As of 2017, its current office address is 400 South Beverly Drive, Suite 214 in Beverly Hills, California.

==Criticism and controversy==
American World University is not accredited by any institutional accrediting body recognized by the United States Department of Education. However, it is listed as "accredited" by the World Association of Universities and Colleges, an organization that is also run by Maxine Asher.

As part of its services, AWU claims to offer people the opportunity to earn college credits based life experience and work, and to take courses at home through distance education. However, some dispute AWU's claim to provide legitimate academic services. John Bear, the author of Bears' Guide to Earning Degrees through Distance Learning, said of AWU, "Academically, there's nothing there."

In January, 2004, the State of Hawaii's Office of Consumer Protection won a lawsuit against AWU; the judgment enjoined AWU from "Providing any post-secondary instructional programs or courses leading to a degree" or "Acting as or holding themselves out as a 'college', 'academy', 'institute', 'institution', 'university' or anything similar thereto."

The Daily Iowan describes AWU in depth in an article entitled "Stealth U. in Iowa City duped many, experts say." According to the article, Michael Lambert, the executive director of the Washington, D.C.–based Distance Education and Training Council said Asher applied for accreditation for AWU to his organization in 1996. He said she complained about the requirements and the paperwork and challenged him to visit her in person. He recalls flying to Iowa City and meeting her in a few empty rooms that were the headquarters of AWU. After a 30-minute meeting, Asher withdrew the application for accreditation.

The same article related the experiences of a student named John Shaw, who he says he received specific assurances from Asher that the master's degree he was seeking would be acknowledged in Saudi Arabia. When he applied for a job in that country, he was told that neither the degree nor the school were considered legitimate: "In fact, they told me that I was wasting my time and money studying with that school."

In March 2004 The Washington Post reported that a public official was criticized for possessing a doctorate from American World University.

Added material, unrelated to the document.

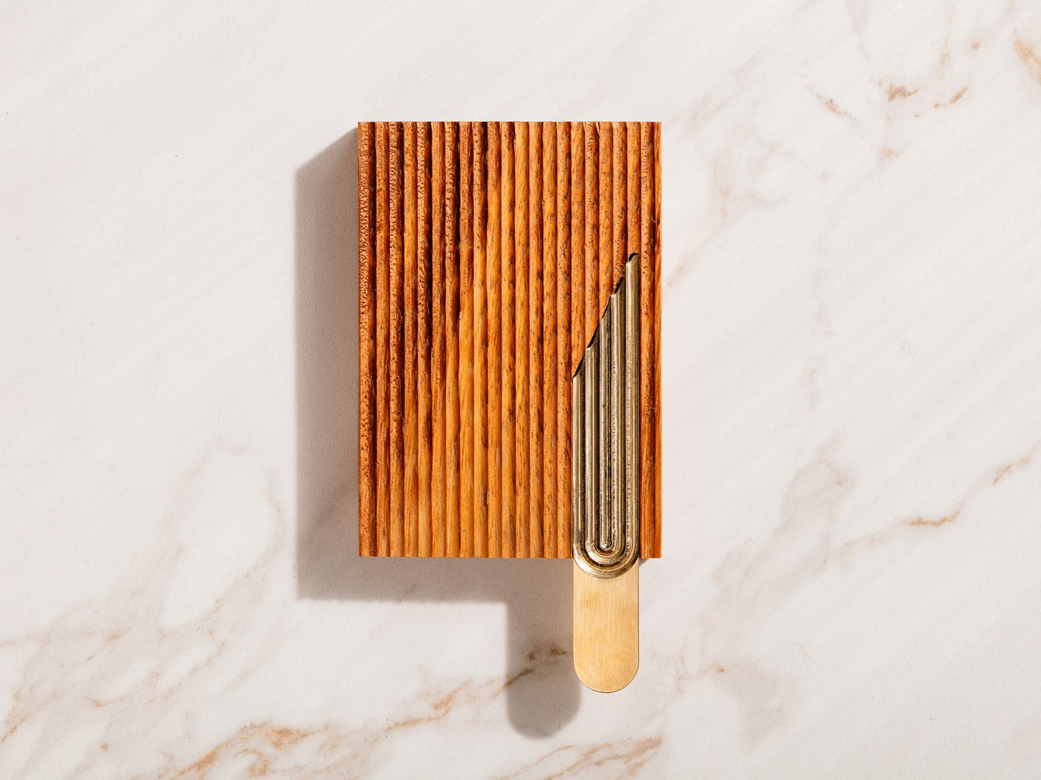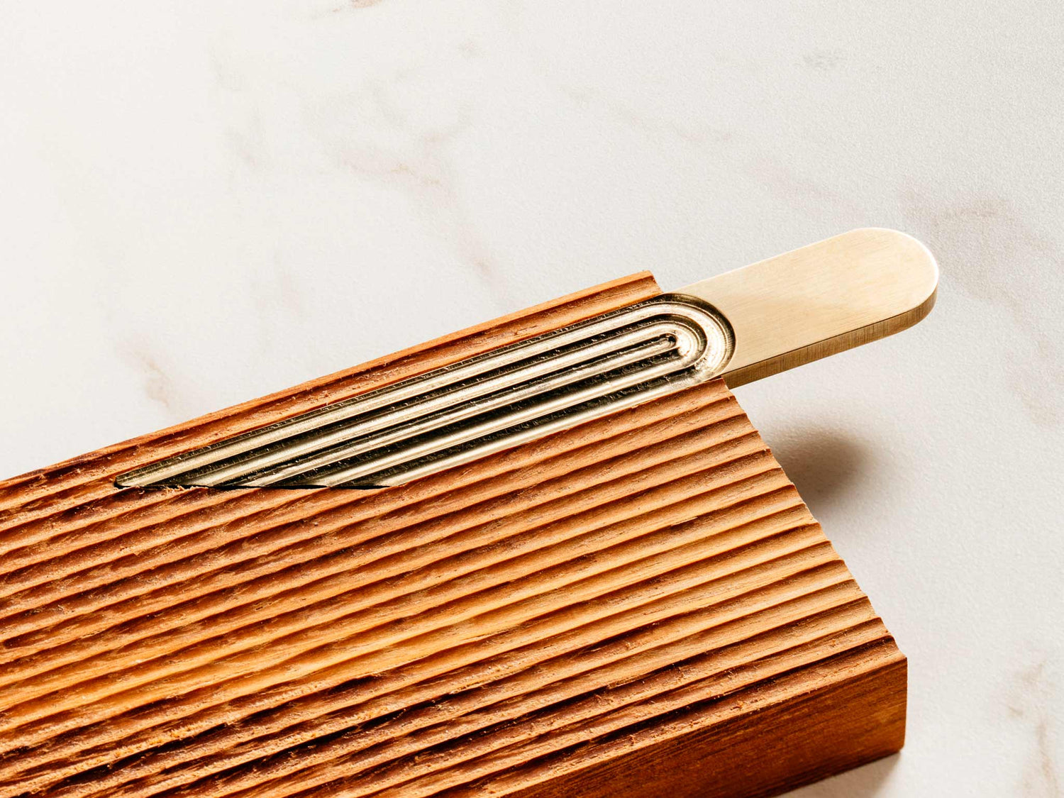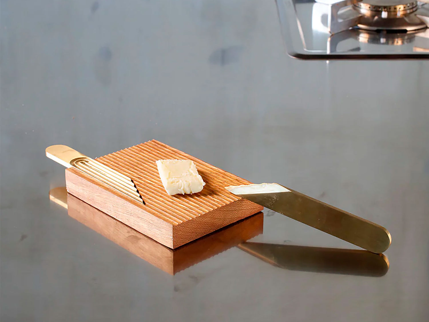 The wood tool has several carved lines all over the surface. These useful ones are used on the knife to generate a special way to spread butter. There are two versions, one made in brass that comes comes with a Iroko wood pad to put the butter and the other version made in micarta, a special material used for knife handles.
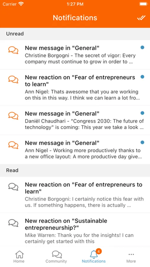 Stay in contact with your colleagues, fellow members or other participants via your telephone. Ask questions, respond to messages, share knowledge or start the discussion within your community! Receive push notifications from new messages and responses and get access to different channels.

The article quoted John Bear as saying "Academically, there's nothing there," said Bear who noted "I don't call it a school, I call it a business."

As of 2006, the Los Angeles-area Better Business Bureau's report on AWU gave it a D rating, apparently based on one complaint, which the BBB says AWU "refuse[d] to adjust, relying on terms of agreement." The Mississippi Better Business Bureau, however, called AWU's record "satisfactory," again mentioning just a single complaint (presumably a different one) which, they judged, AWU had "made every reasonable effort to resolve."

AWU granted Ph.D. diplomas to several people who later supported the university in its literature, including Dr. Adrian Waller (a former lecturer at Nihon University in Tokyo and Mishima, Japan,) and Dr. Bruce Rosen (former Asst. Professor, Computer Science, University of Texas-San Antonio). Hamzah Haz, Vice President of Indonesia, was reported to have obtained an internet PhD from AWU.